DASH diet: Eating healthy to lower your blood pressure
Find out how DASH can help you lower your blood pressure and improve your health.
By Mayo Clinic staff
DASH stands for Dietary Approaches to Stop Hypertension.
The DASH diet is a healthy eating plan designed to help prevent or treat high blood pressure, also known as hypertension. It may also help lower cholesterol associated with heart disease, called low-density lipoprotein cholesterol (LDL).
High blood pressure and high LDL cholesterol levels are two major risk factors for heart disease and stroke.

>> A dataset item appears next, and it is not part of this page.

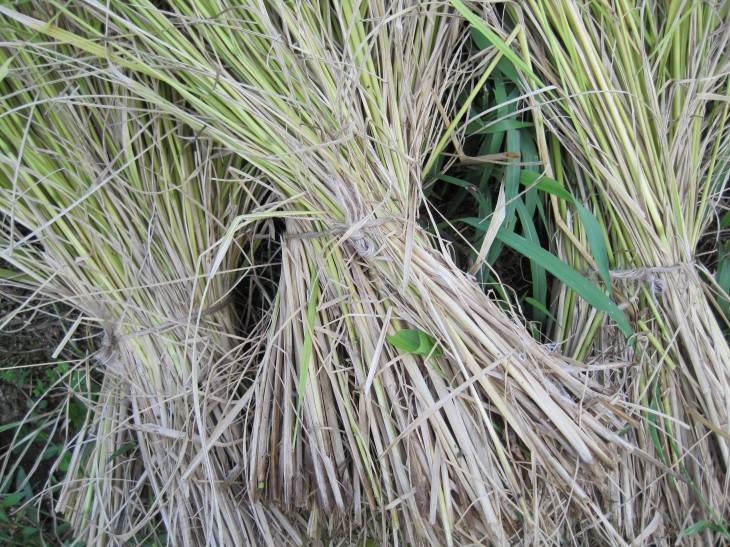 この田んぼは湿気が多く乾きにくいので、他の場所へ移動させてはざをかけるのです。

Foods in the DASH foods are rich in the minerals potassium, calcium and magnesium. The DASH diet focuses on vegetables, fruits, and whole grains. It includes fat-free or low-fat dairy products, fish, poultry, beans and nuts.

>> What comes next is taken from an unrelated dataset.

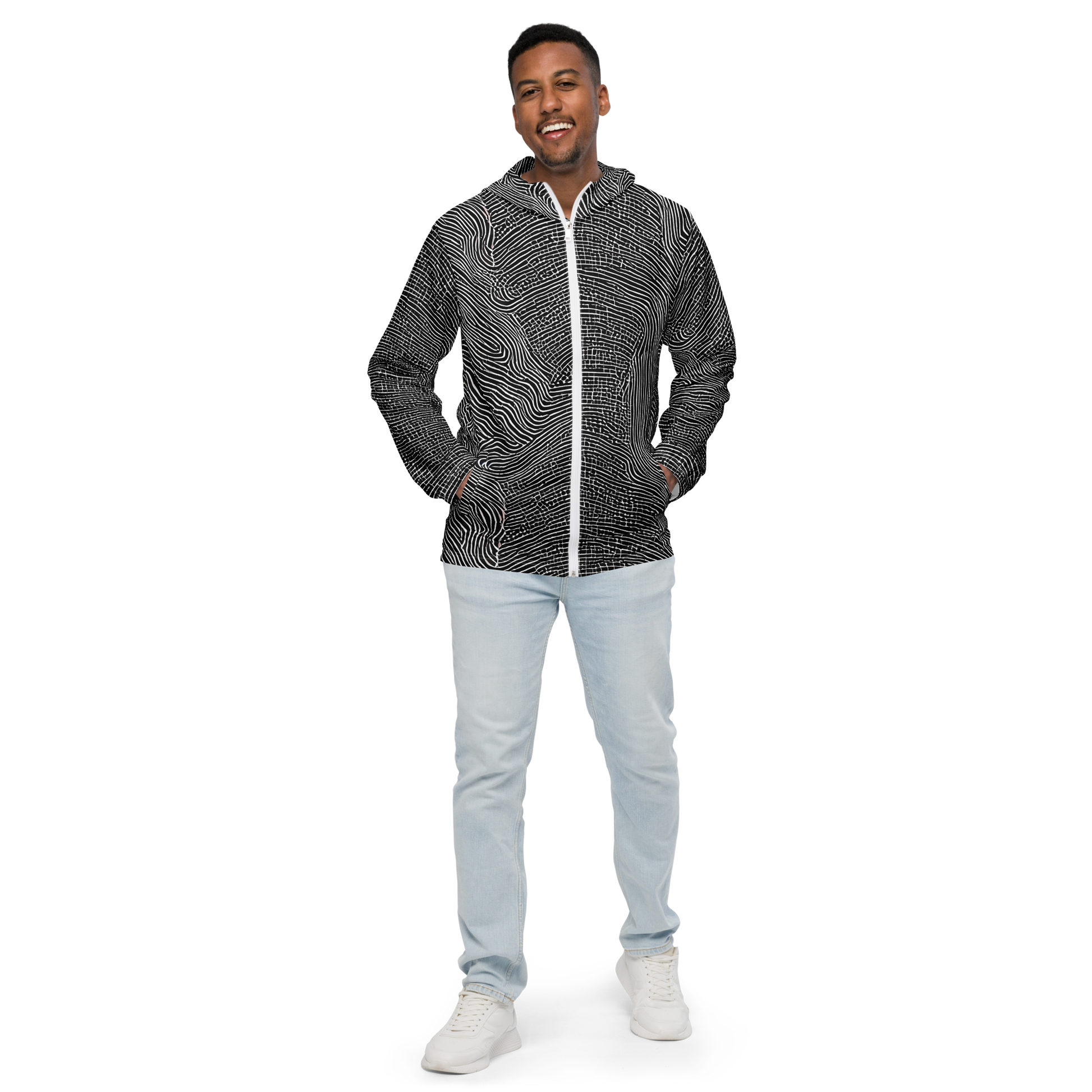 Elevate your outerwear game with our AI-designed Men's Windbreaker featuring the striking "Zenith Stripes" pattern. This lightweight, water-resistant jacket showcases a mesmerizing interplay of fluid black and white lines, creating a dynamic aesthetic that captures attention and exudes sophistication. Perfect for avant-garde gatherings or art gallery events, it seamlessly blends artistic expression with modern elegance, ensuring you navigate any weather in style.

The diet limits foods that are high in salt, also known as sodium. It also limits added sugars and saturated fat, such as in fatty meats and full-fat dairy products.
DASH diet and sodium
The standard DASH diet limits salt to 2,300 milligrams (mg) per day. That amount is consistent with the Dietary Guidelines for Americans. That’s about the amount of sodium in 1 teaspoon of table salt.
A lower sodium version of DASH limits sodium to 1500 mg per day. You can choose the version of the diet that meets your health needs. If you’re not sure what sodium level is right for you, talk to your health care provider.
DASH diet: what to eat
The DASH diet is a balanced eating plan that gives choices about what to eat. The diet helps create a heart-healthy eating style for life. No special food or drink is necessary. Diet foods are available in supermarkets and most restaurants.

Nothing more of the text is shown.